_Assignment_
A verbatim printing of the entries that follow is needed; pictures must not appear in it.

_Provided records_

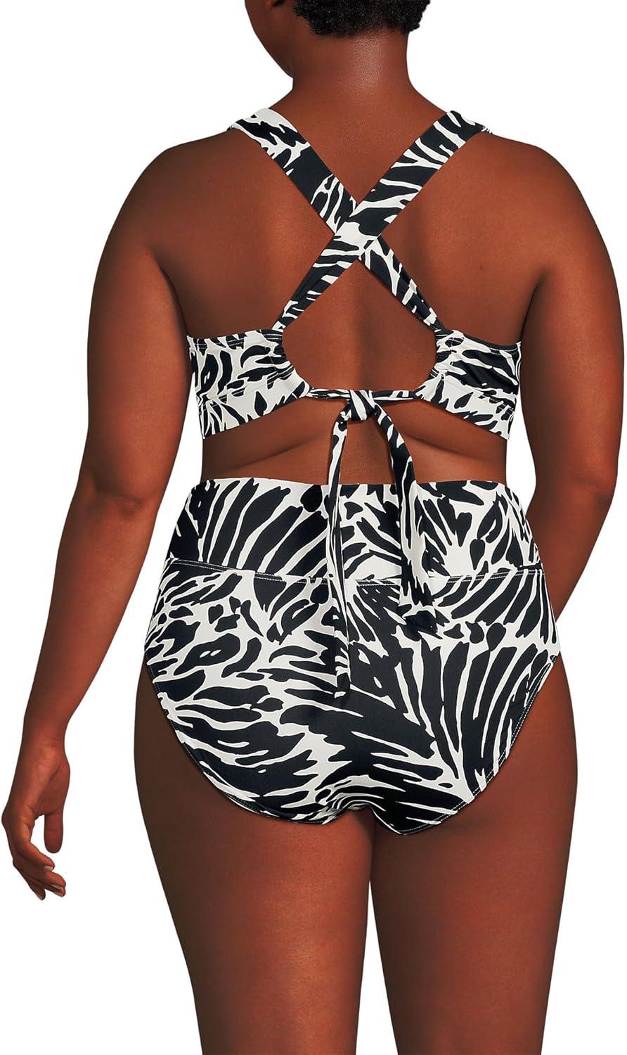 Lands’ End Women’s Chlorine Resistant V-Neck Midkini Swimsuit Top and High Leg High Waisted Bottoms 2 Piece Set(Black/Egret White Leaf Scroll)
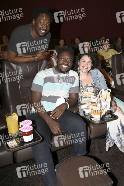 Noom Diawara, Elie Kayembe und Marie-Catherine Rausch bei der Premiere des Kinofilms 'Monsieur Claude und sein großes Fest / Qu'est-ce qu'on a tous fait au bon Dieu?' im Gloria Filmpalast. München, 18.07.2022
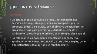 El documento describe el W3C (World Wide Web Consortium), una organización internacional que establece estándares para la World Wide Web. El W3C desarrolla recomendaciones para construir una web accesible, interoperable y eficiente mediante el consenso de sus miembros. Los estándares del W3C incluyen HTML, XHTML y otras tecnologías para mejorar la web y lograr su objetivo de accesibilidad universal.
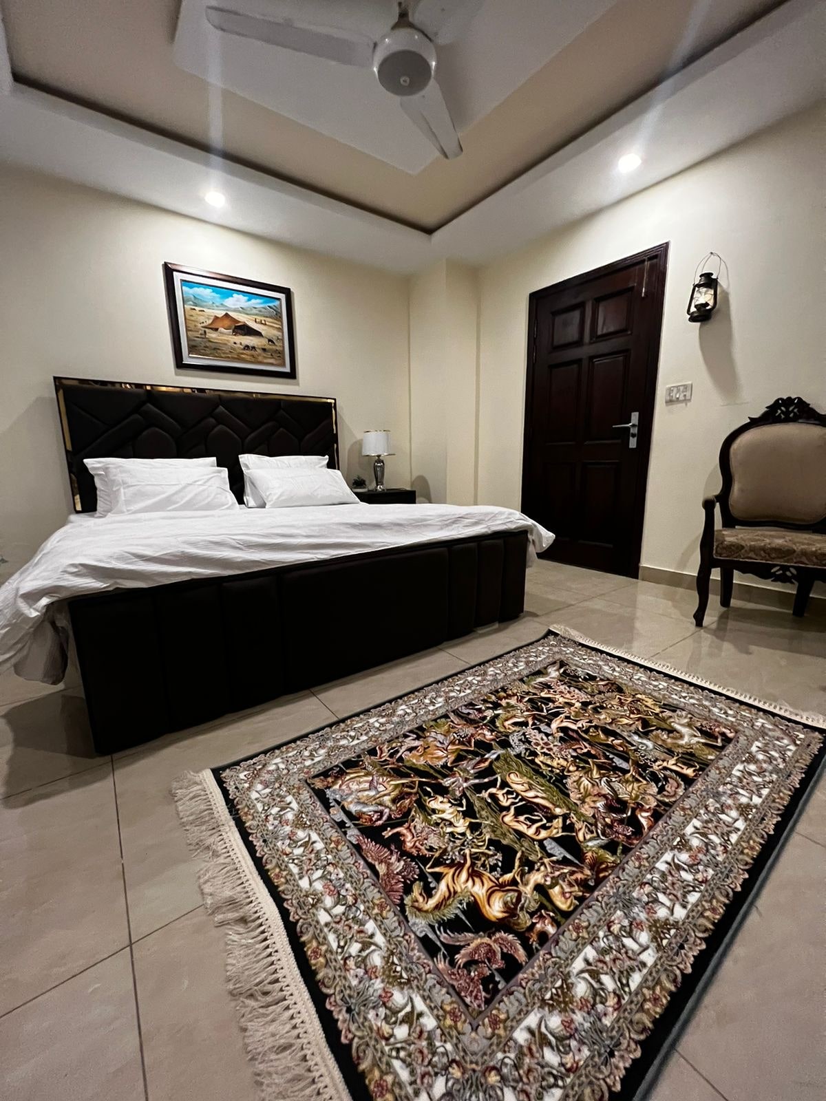 Bienvenue à @blueoakresidences Appartement spacieux de 1500 pieds carrés à F-11/1 Islamabad avec 2 chambres avec salle de bains privative, chacune avec un balcon privé, une salle de bain, une sauvegarde UPS, une connexion Wi-Fi rapide, un enregistrement automatique et une télévision intelligente de 58". Cuisine entièrement équipée, eau chaude, parking gratuit, ascenseur 24h/24 et 7j/7. Pour les groupes de plus de 4 personnes, nous fournissons 2 matelas de sol supplémentaires pour assurer un séjour confortable pour un maximum de 6 personnes. À quelques pas de Loafology, Nando's, Asian Wok, KFC, Al-Fatah. Parc familial juste à côté.
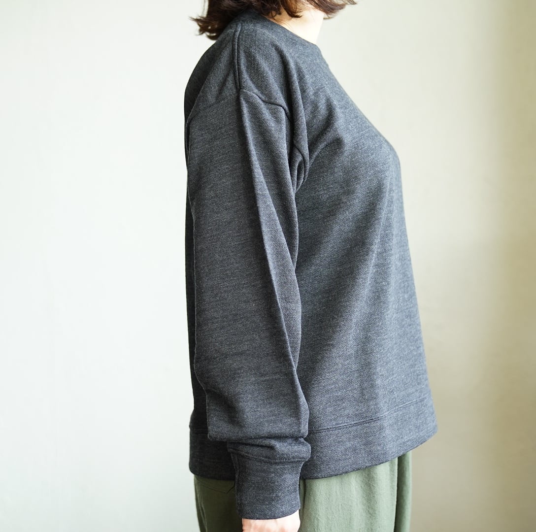 トレーナー型のデザインですが、全てを同素材で表現し、緩い肩傾斜と浅いアームホールによって、より平面的なシルエットを表現しています。肩から後ろ襟ぐりにかけてはタコバインダー仕様を採用しており、頻繁な着用に耐える強度を考慮しています。これにより、長く快適にご利用いただけます。
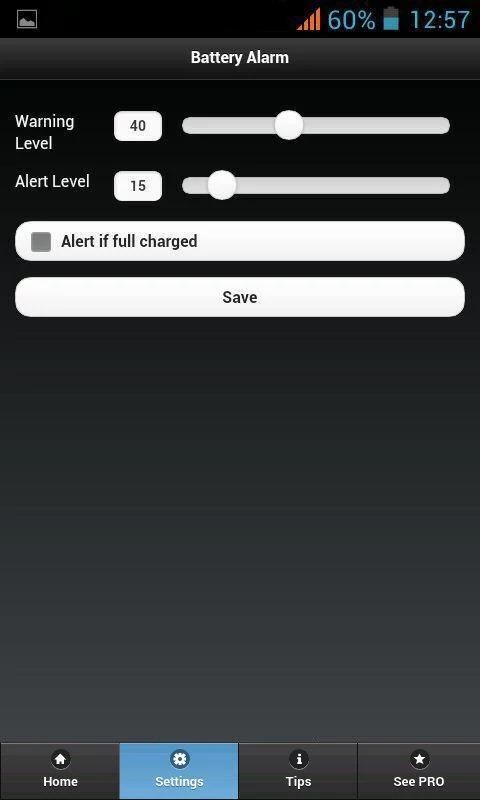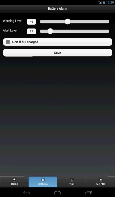 Несколько простых шагов, чтобы установить уровни платежей вы предпочитаете, и удобной звуковой сигнал уведомит вас о состоянии вашего аккумулятора. В PRO версии вы можете также выбрать звуковой сигнал, который вам нравится среди ваших плейлист!
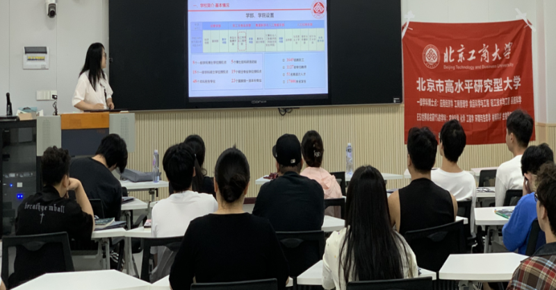在随后举行的研究生招生宣讲会上,北京工商大学教师系统解读了本校研究生招生政策,涵盖化学、化学工艺、化学工程、环境科学与工程、资源与环境等多个专业方向,重点介绍了专业设置、报考条件、录取机制(含排名择优录取)、数学要求、奖助体系(包括全额奖学金)以及相关学科的优势特色等内容。宣讲内容详实、针对性强,引起了在场学生的浓厚兴趣,部分学生现场扫码添加教师联系方式,表达了报考意愿。
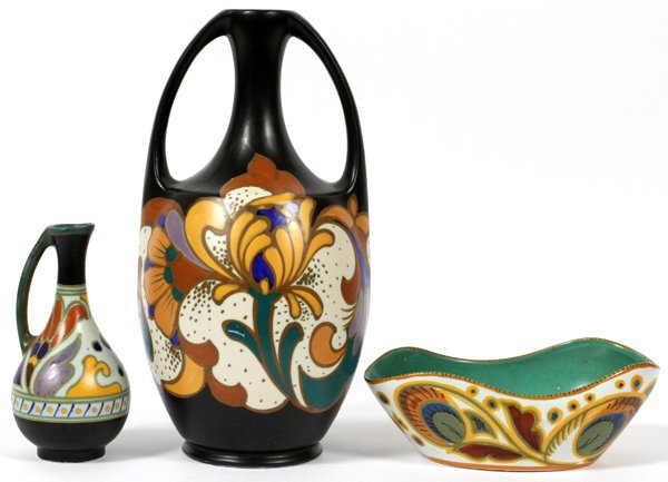 A lot of two Belgian Torhout decorated earthenware objectsFeb 24, 2026A lot of three variously decorated and shaped Chinese porcelain vasesFeb 24, 2026Lot of 3 Chinese Vases & Cup - Tea Dust, etc.2 days LeftCERAMIC VASES7 days LeftLot of (3) Nemadji Art Pottery VesselsMar 15, 2026(11) misc. POTTERY pcs. From Hudson Valley estate, including GOUDA 12.5" high vase, FULPER vase,18 hrs Left(3) TALAVERA POLYCHROME TABLEWARE POTTERY ITEMS, MEXICOFeb 21, 2026A Collection of Mexican Hand Painted Folk PotteryFeb 15, 2026Pottery ThreesomeFive retro jugs in glazed ceramics. Beautiful glazes and shapes. Belgium, 1960s / 70s.Four Vinage Ceramic Brass Glass Pod VasesJul 24, 2025Collection of 'Red Rubin' pottery with red glaze with gold, Upsala-Ekeby, Gefle. Design ArthurDage, Gouda, and a Czech Amphora Vases, 32 days LeftAmphora and Javier Servin Pottery Vessels, 22 days LeftPair of Gouda Juliana Ivora Vases, Circa 19204 days LeftTHREE EUROPEAN ANTIQUE AND VINTAGE PORCELAIN VASESFeb 21, 2026
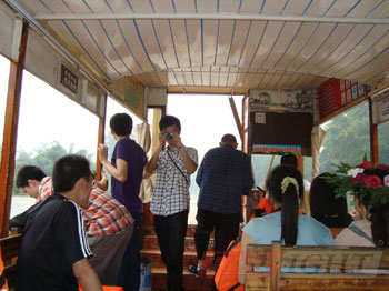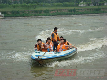 下午,從碼頭出發,我們開始了一段愜意與刺激并具的旅程。大家先是坐上客船,在兩岸綠蔭濃密的河道中乘風而行,貌似有蘇東坡的“清風徐來,水波不興”的點點意境,使得大家興奮不已,按捺不住地離開坐位與清風、水波,做親密的接觸,印下這大自然的恩賜,大家對它留戀之極,但還由不得我們盡情,船就靠岸了。岸上的金佛寺就是我們的目的地,走過一段盤山公路,我們就聽到了寺廟傳來念佛經的聲音,原來我們已經踏入了這佛門靜地。寺廟不是很大,但卻有一尊很大很大的佛像,帶著祈福的心,靜靜地參觀完寺廟完后,我們踏上了返鎮的客船。回到碼頭,我們開始瞄準了一項驚險刺激的項目——坐快艇!在來之前就有聽一位老師說過要玩過隱的項目,就非它莫屬了,果不其然,快艇上時時傳來的一陣陣尖叫聲,咱們的學員也按捺不住,穿好安全服上了快艇。急速行駛中的快艇表演讓艇上的人前俯后仰,左晃右蕩,驚魂未定,也讓岸上的觀眾同樣緊張兮兮,叫聲不斷,笑聲不停,一點兒沒閑……
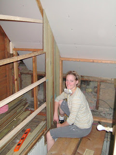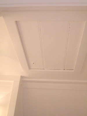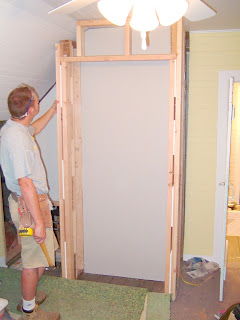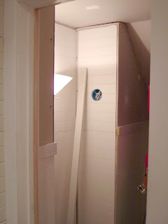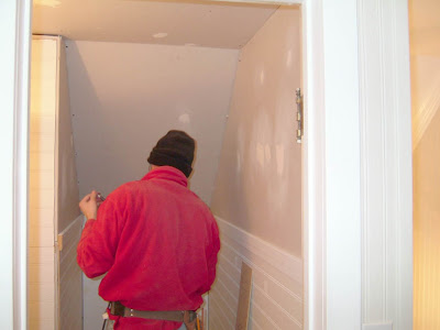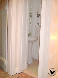 One little detail that I wanted to show you was this board (under the ladder). We found it in the hidden closet in our master bedroom, that later became the linen closet. We decided to leave an access panel to the upper attic space in the bathroom ceiling. So, we cleaned up this old piece of a door, cut it to size and used it as the access door. This was one of my favorite details in the whole house. See the little key hole? fun, fun!
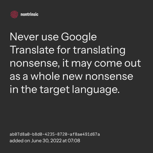 π€ shareNever use Google Translate for translating nonsense, it may come out as a whole new nonsense in the target language.
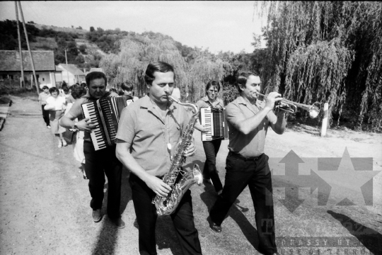 esküvő házasság család ünnep násznép zenész trombita tangóharmonika szaxofon utcakép Mórágy Tolna megye Magyarország 1986 Bakó JenőFotó részletei

_Task solution_
 Lands’ End Women’s Chlorine Resistant V-Neck Midkini Swimsuit Top and High Leg High Waisted Bottoms 2 Piece Set(Black/Egret White Leaf Scroll)
 Noom Diawara, Elie Kayembe und Marie-Catherine Rausch bei der Premiere des Kinofilms 'Monsieur Claude und sein großes Fest / Qu'est-ce qu'on a tous fait au bon Dieu?' im Gloria Filmpalast. München, 18.07.2022
 El documento describe el W3C (World Wide Web Consortium), una organización internacional que establece estándares para la World Wide Web. El W3C desarrolla recomendaciones para construir una web accesible, interoperable y eficiente mediante el consenso de sus miembros. Los estándares del W3C incluyen HTML, XHTML y otras tecnologías para mejorar la web y lograr su objetivo de accesibilidad universal.
 Bienvenue à @blueoakresidences Appartement spacieux de 1500 pieds carrés à F-11/1 Islamabad avec 2 chambres avec salle de bains privative, chacune avec un balcon privé, une salle de bain, une sauvegarde UPS, une connexion Wi-Fi rapide, un enregistrement automatique et une télévision intelligente de 58". Cuisine entièrement équipée, eau chaude, parking gratuit, ascenseur 24h/24 et 7j/7. Pour les groupes de plus de 4 personnes, nous fournissons 2 matelas de sol supplémentaires pour assurer un séjour confortable pour un maximum de 6 personnes. À quelques pas de Loafology, Nando's, Asian Wok, KFC, Al-Fatah. Parc familial juste à côté.
 トレーナー型のデザインですが、全てを同素材で表現し、緩い肩傾斜と浅いアームホールによって、より平面的なシルエットを表現しています。肩から後ろ襟ぐりにかけてはタコバインダー仕様を採用しており、頻繁な着用に耐える強度を考慮しています。これにより、長く快適にご利用いただけます。
 Несколько простых шагов, чтобы установить уровни платежей вы предпочитаете, и удобной звуковой сигнал уведомит вас о состоянии вашего аккумулятора. В PRO версии вы можете также выбрать звуковой сигнал, который вам нравится среди ваших плейлист!
在随后举行的研究生招生宣讲会上,北京工商大学教师系统解读了本校研究生招生政策,涵盖化学、化学工艺、化学工程、环境科学与工程、资源与环境等多个专业方向,重点介绍了专业设置、报考条件、录取机制(含排名择优录取)、数学要求、奖助体系(包括全额奖学金)以及相关学科的优势特色等内容。宣讲内容详实、针对性强,引起了在场学生的浓厚兴趣,部分学生现场扫码添加教师联系方式,表达了报考意愿。
 A lot of two Belgian Torhout decorated earthenware objectsFeb 24, 2026A lot of three variously decorated and shaped Chinese porcelain vasesFeb 24, 2026Lot of 3 Chinese Vases & Cup - Tea Dust, etc.2 days LeftCERAMIC VASES7 days LeftLot of (3) Nemadji Art Pottery VesselsMar 15, 2026(11) misc. POTTERY pcs. From Hudson Valley estate, including GOUDA 12.5" high vase, FULPER vase,18 hrs Left(3) TALAVERA POLYCHROME TABLEWARE POTTERY ITEMS, MEXICOFeb 21, 2026A Collection of Mexican Hand Painted Folk PotteryFeb 15, 2026Pottery ThreesomeFive retro jugs in glazed ceramics. Beautiful glazes and shapes. Belgium, 1960s / 70s.Four Vinage Ceramic Brass Glass Pod VasesJul 24, 2025Collection of 'Red Rubin' pottery with red glaze with gold, Upsala-Ekeby, Gefle. Design ArthurDage, Gouda, and a Czech Amphora Vases, 32 days LeftAmphora and Javier Servin Pottery Vessels, 22 days LeftPair of Gouda Juliana Ivora Vases, Circa 19204 days LeftTHREE EUROPEAN ANTIQUE AND VINTAGE PORCELAIN VASESFeb 21, 2026
 下午,從碼頭出發,我們開始了一段愜意與刺激并具的旅程。大家先是坐上客船,在兩岸綠蔭濃密的河道中乘風而行,貌似有蘇東坡的“清風徐來,水波不興”的點點意境,使得大家興奮不已,按捺不住地離開坐位與清風、水波,做親密的接觸,印下這大自然的恩賜,大家對它留戀之極,但還由不得我們盡情,船就靠岸了。岸上的金佛寺就是我們的目的地,走過一段盤山公路,我們就聽到了寺廟傳來念佛經的聲音,原來我們已經踏入了這佛門靜地。寺廟不是很大,但卻有一尊很大很大的佛像,帶著祈福的心,靜靜地參觀完寺廟完后,我們踏上了返鎮的客船。回到碼頭,我們開始瞄準了一項驚險刺激的項目——坐快艇!在來之前就有聽一位老師說過要玩過隱的項目,就非它莫屬了,果不其然,快艇上時時傳來的一陣陣尖叫聲,咱們的學員也按捺不住,穿好安全服上了快艇。急速行駛中的快艇表演讓艇上的人前俯后仰,左晃右蕩,驚魂未定,也讓岸上的觀眾同樣緊張兮兮,叫聲不斷,笑聲不停,一點兒沒閑……
 One little detail that I wanted to show you was this board (under the ladder). We found it in the hidden closet in our master bedroom, that later became the linen closet. We decided to leave an access panel to the upper attic space in the bathroom ceiling. So, we cleaned up this old piece of a door, cut it to size and used it as the access door. This was one of my favorite details in the whole house. See the little key hole? fun, fun!
 π€ shareNever use Google Translate for translating nonsense, it may come out as a whole new nonsense in the target language.
 esküvő házasság család ünnep násznép zenész trombita tangóharmonika szaxofon utcakép Mórágy Tolna megye Magyarország 1986 Bakó JenőFotó részletei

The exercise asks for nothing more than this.